UNAIDS Executive Director Michel Sidibe said there has been nearly a 60 percent decrease in the number of HIV infections among children under the age of 15, but more than 90 percent of the more than 3 million children living with the disease are in sub-Saharan Africa, where access to treatment has been a major obstacle to stopping its spread.

"We need to think about treatment for children. This is really a major challenge for me because it is a forgotten phase," Sidibe said. "We have only 6 percent of children having access to treatment and it is a problem in the continent, and we need to have a new approach which can help us to reach those children where they are."

UNAIDS reported that only 24 percent of children needing antiretroviral treatment in the world received it by 2013, while 190,000 children died that same year.
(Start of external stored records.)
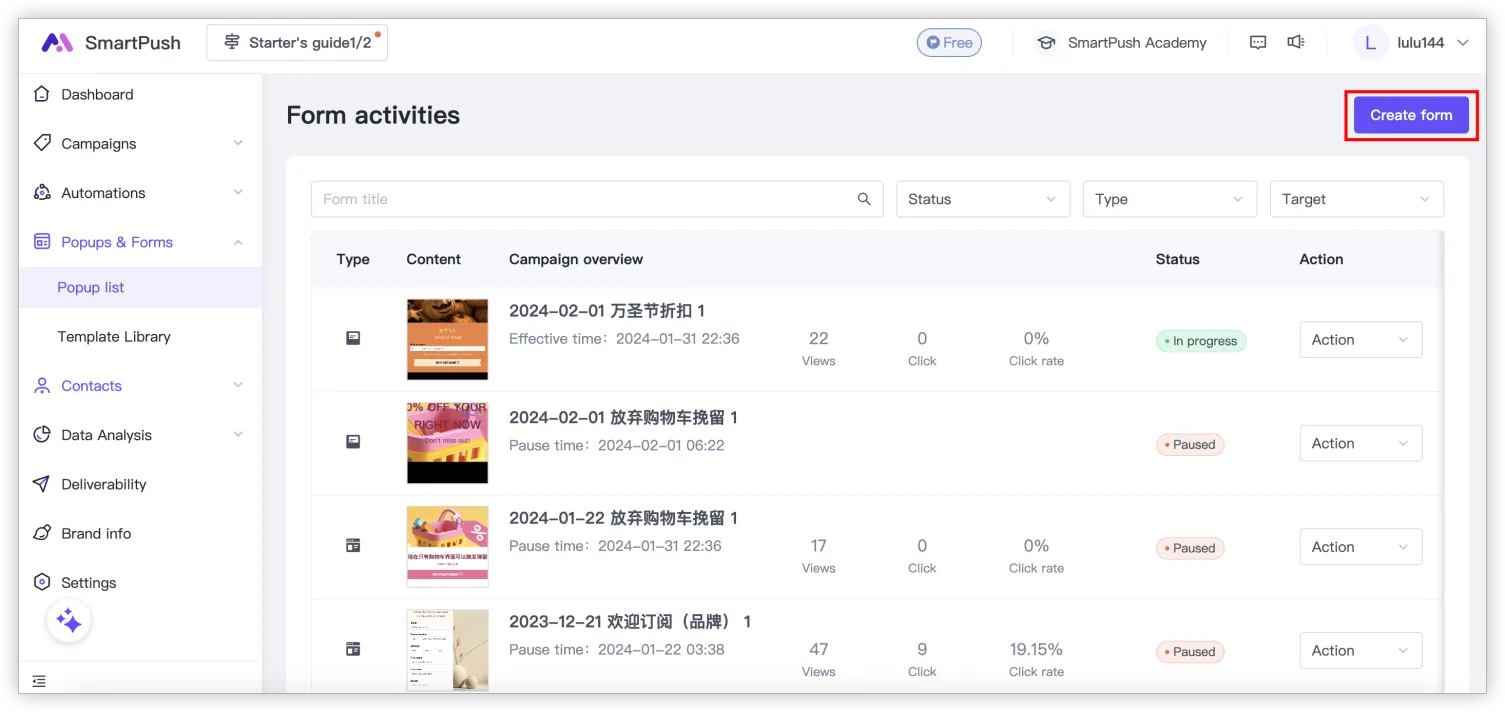 您可以前往「彈窗表單 > 彈窗列表」頁面查看您設定的表單活動,活動概覽區塊顯示「瀏覽量、點擊和點擊率」,狀態欄位有「草稿、待開始、進行中、暫停中、已結束」五種狀態,對應的操作包括:
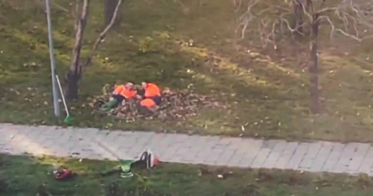 В сети пользователи делятся кадрами теплого осеннего дня. Кое-кто смог запечатлеть наслаждающихся солнцем коммунальщиков — двое мужчин прилегли на куче убранной листвы.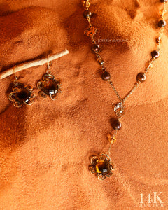 Juego de aretes y gargantilla con incrustación de topacio en tono café.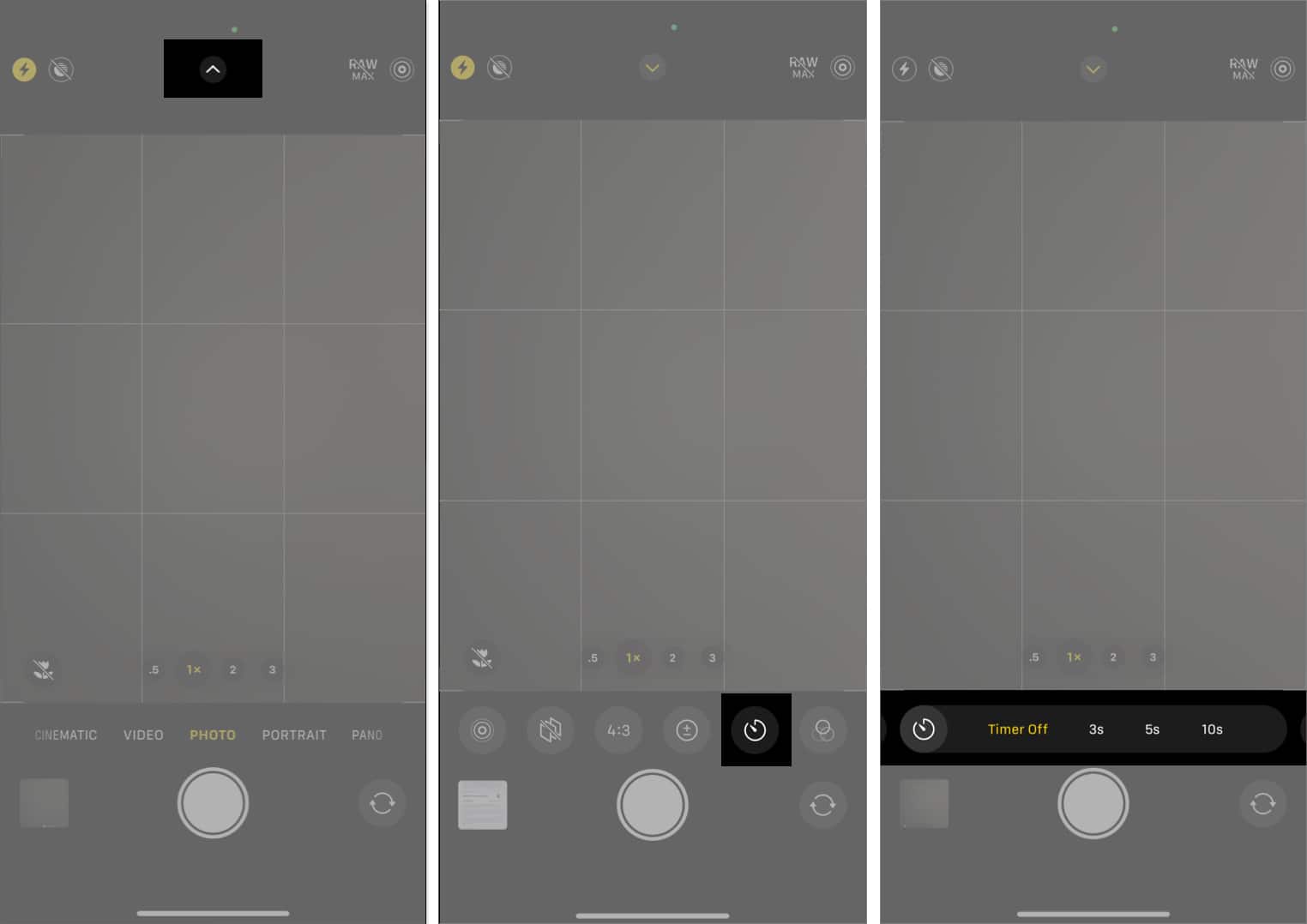 Para usar o temporizador da câmera do iPhone, abra oCâmeraaplicativo e deslize para cima. Agora, na nova bandeja de opções, toque notemporizadorícone. Agora você pode escolher entre3s,5s, ouAtraso de 10s. Configure sua foto, aperte o botão do obturador e a câmera fará uma contagem regressiva antes de tirar a foto.

Sidibe said many others die in silence in areas where talking about AIDS remains a taboo.

'Conspiracy of silence'

"We are making a reach out to make sure that other countries are joining us to transform the conspiracy of silence, to demonstrate before many others that stopping the transmission from mother to child is a win-win [situation]. Having a generation free is certainly one of the best legacies for anyone of us," he said.

Sidibe visited Cameroon as people living with AIDS complained of shortages in antiretroviral treatment.

Minyim Jean, who has been living with AIDS for 15 years, said some medical staff have been changing treatment protocols.

Jean said having access to complete treatment is very difficult as some of the supplies needed for their treatment are not always available. He said some doctors even change treatment for some patients when they run short of supplies.

According to UNAIDS, sub-Saharan Africa has the most serious HIV and AIDS epidemic in the world, with about 25 million people living with the disease — about 70 percent of the global total. The epidemic has had widespread social and economic consequences.